Natasha Bedingfield Brings a New Level to Catchy Girl Pop

For every Robbie Williams, Westlife and S Club 7, there is a Natasha Bedingfield: someone famous everywhere but the United States, who finally breaks into the American music scene and actually makes it. You may recognize the last name and yes, she is the little sister of high-pitched crooner Daniel Bedingfield (infamous forthesappy “If You’re Not the One”).

Bedingfield has the powerful vocal chords of Kelly Clarkson, the poetic inclinations of Nelly Furtado and the original songwriting skills of Dido (though let’s hope for a better sophomore effort). Her beatbox infused ballad “These Words (I Love You, I Love You)” off of her debut album Unwrittenhas been steadily climbing the charts, but the cheery love song is just a sample of Natasha’s unique brand of pop.

But Bedingfield’s no stick-thin blonde bimbo wailing about bad breakups and co-dependent relationships. Instead, the woman who says she’s “sick of empty music” is reviving the dying pop genre with fresh takes on what it’s like to be a modern, independent woman, and her music is anything but empty.

“Single” is the independent-girl anthem of the millennium (forget “Independent Woman” – this is no Charlie’s Angels faux-empowerment song), proclaiming to a funky bass beat, “I’m not waiting around for a man to save me (Cause I’m happy where I am)/Don’t depend on a guy to validate me.”

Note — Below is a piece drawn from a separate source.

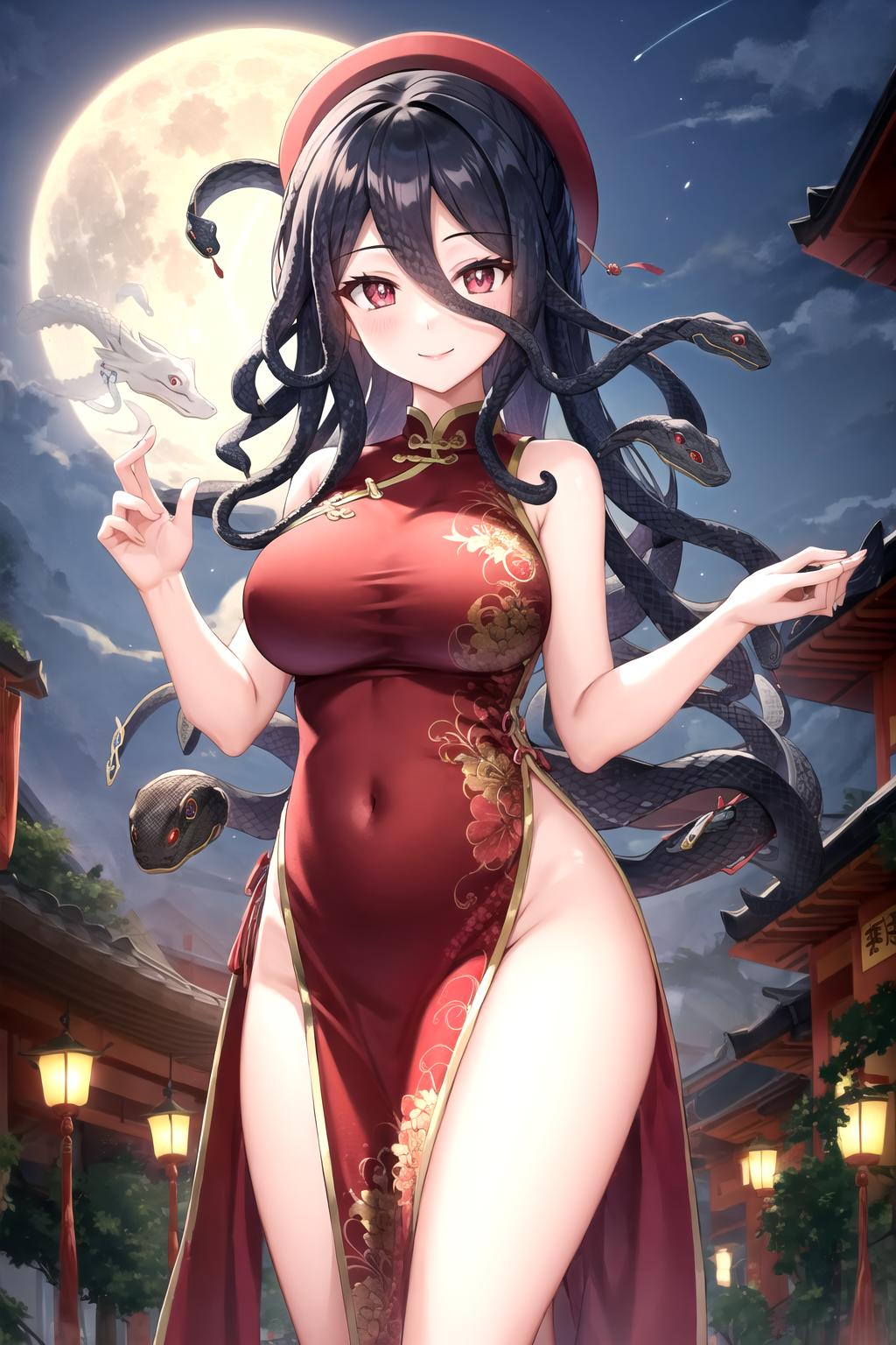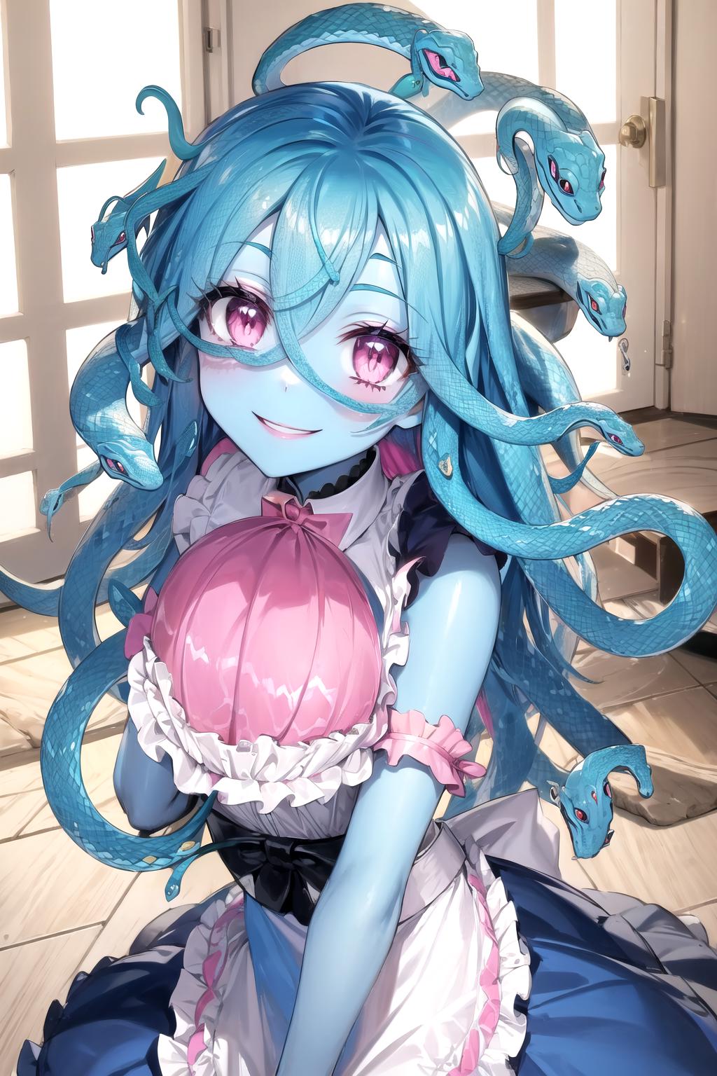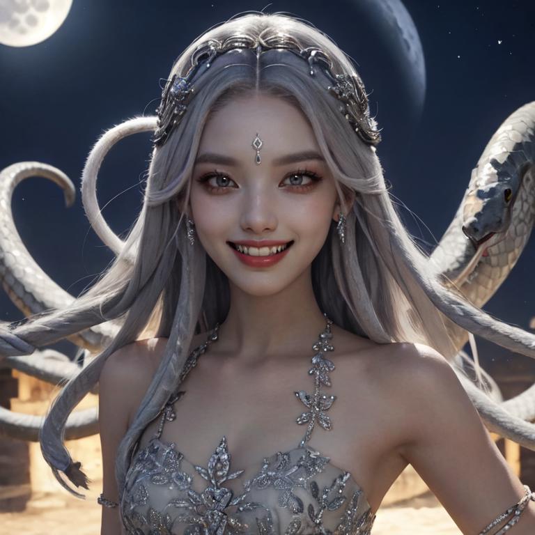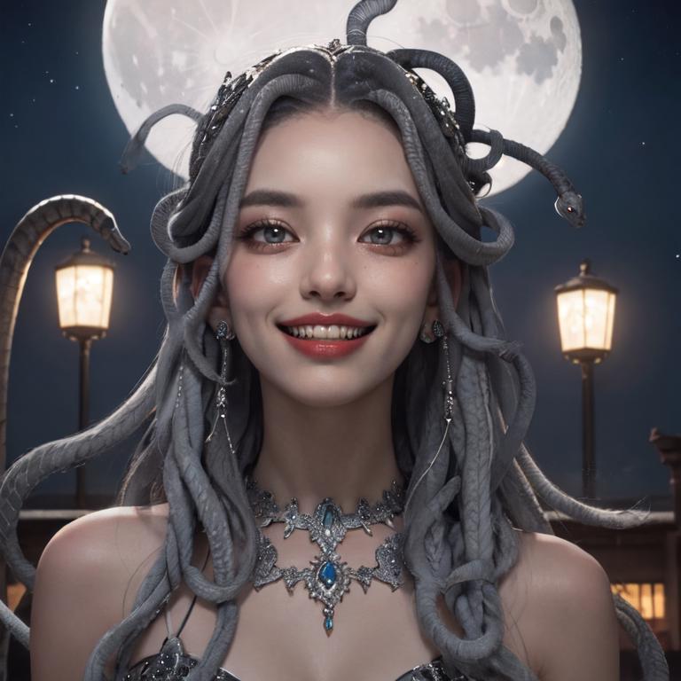 trained on 48 pics of characters with exclusively just snakes for hair as well as there mirrors for 96 total images. No character with part real and part snake hair (like Gorgon from fate) was included so the bot would understand to the best of its ability what snake hair would look like.

“Unwritten,” the title track and best song on the album, also carries a positive message, along with the addition of a gospel choir on the closing chorus. “Stumble,” a bonus track to the American release, sounds at first like a Kelly Clarkson throwaway, but soon proves as dynamic as Bedingfield’s original material (it’s the only track that wasn’t at least co-written by Bedingfield).

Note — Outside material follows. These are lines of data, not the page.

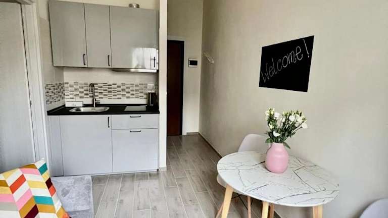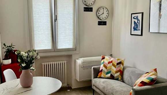 Die Ferienwohnung bietet eine Klimaanlage und besteht aus einem Schlafzimmer, einem Wohnzimmer sowie einer voll ausgestatteten Küche mit Kühlschrank und Kaffeemaschine. Zudem stehen den Gästen ein Badezimmer mit Bidet und Dusche zur Verfügung. Handtücher und Bettwäsche werden ebenfalls bereitgestellt.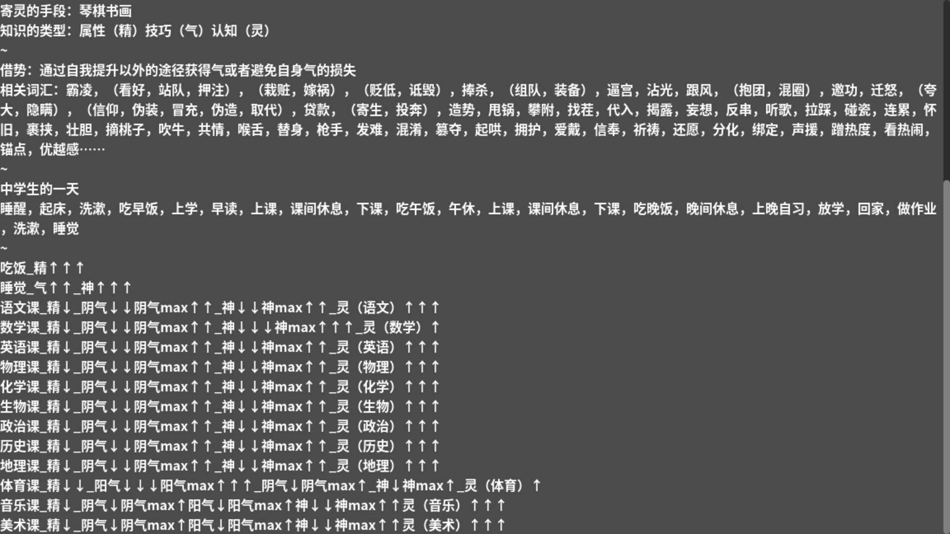 软件内容为纯文字,包含精气神灵的基础概念,延伸概念,与“气”相关的重要概念“借势”的解释及相关词汇,以及中学生的日常从精气神灵角度的分析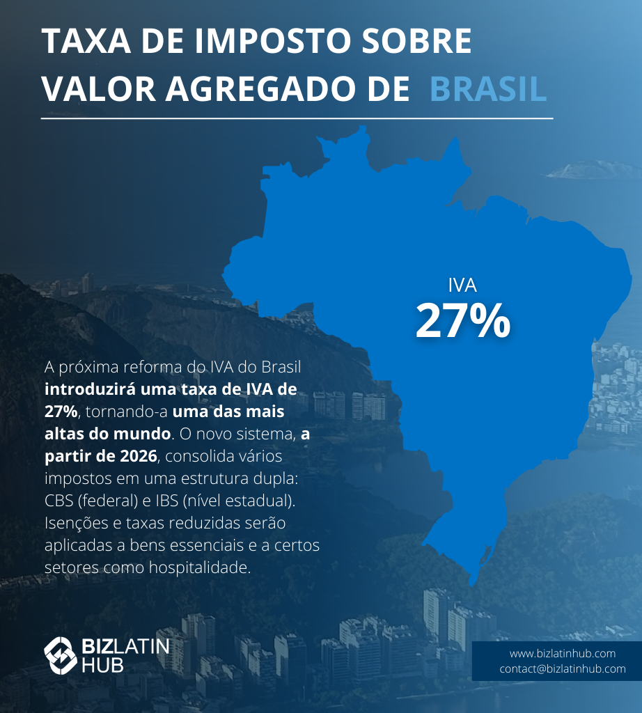 - Os impostos federais e estaduais de IVA se aplicam a vários produtos e serviços, com taxas que variam de 7% a 25%, dependendo do estado. Isso mudará em 2026.

The only song US audiences are missing out on is “I’m a Bomb,” a loud, energetic techno-pop dance track, nixed in favor of the grating “Drop Me in the Middle.”

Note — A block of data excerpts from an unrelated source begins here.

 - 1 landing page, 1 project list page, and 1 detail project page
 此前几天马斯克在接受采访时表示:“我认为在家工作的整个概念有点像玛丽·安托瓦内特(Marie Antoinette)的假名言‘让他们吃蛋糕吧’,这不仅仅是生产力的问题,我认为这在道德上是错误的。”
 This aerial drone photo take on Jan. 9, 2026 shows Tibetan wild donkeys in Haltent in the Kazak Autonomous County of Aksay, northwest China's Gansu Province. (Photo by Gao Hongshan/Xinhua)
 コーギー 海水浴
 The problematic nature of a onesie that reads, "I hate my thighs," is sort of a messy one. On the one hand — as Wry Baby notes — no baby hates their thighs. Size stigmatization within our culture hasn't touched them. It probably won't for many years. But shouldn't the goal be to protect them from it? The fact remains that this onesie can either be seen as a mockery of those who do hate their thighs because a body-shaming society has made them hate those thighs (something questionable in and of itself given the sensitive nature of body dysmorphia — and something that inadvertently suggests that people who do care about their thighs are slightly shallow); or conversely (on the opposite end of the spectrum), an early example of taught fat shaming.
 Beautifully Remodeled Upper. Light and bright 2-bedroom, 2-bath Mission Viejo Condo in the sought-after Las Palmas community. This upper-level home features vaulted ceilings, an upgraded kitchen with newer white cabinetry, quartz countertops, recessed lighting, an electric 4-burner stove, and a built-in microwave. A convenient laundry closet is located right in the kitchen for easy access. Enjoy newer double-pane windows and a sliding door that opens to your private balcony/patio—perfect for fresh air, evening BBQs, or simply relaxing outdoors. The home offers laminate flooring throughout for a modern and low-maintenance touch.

While every track sounds distinctly different, there is no denying that Bedingfield has cultivated a sound influenced by Euro-pop techno and funky R&B beats – what Kylie Minogue attempted on Body Language only with actual success in fusing two distinctly unique brands of pop.

Bedingfield has said of her music that she wants people to “identify with it, be inspired by it, dance to it.” Unwritten achieves all three of these goals with effortless grace. Take notice of Ms. Bedingfield, as she may just reinvent the American pop music scene.

Welcome to the real new British invasion.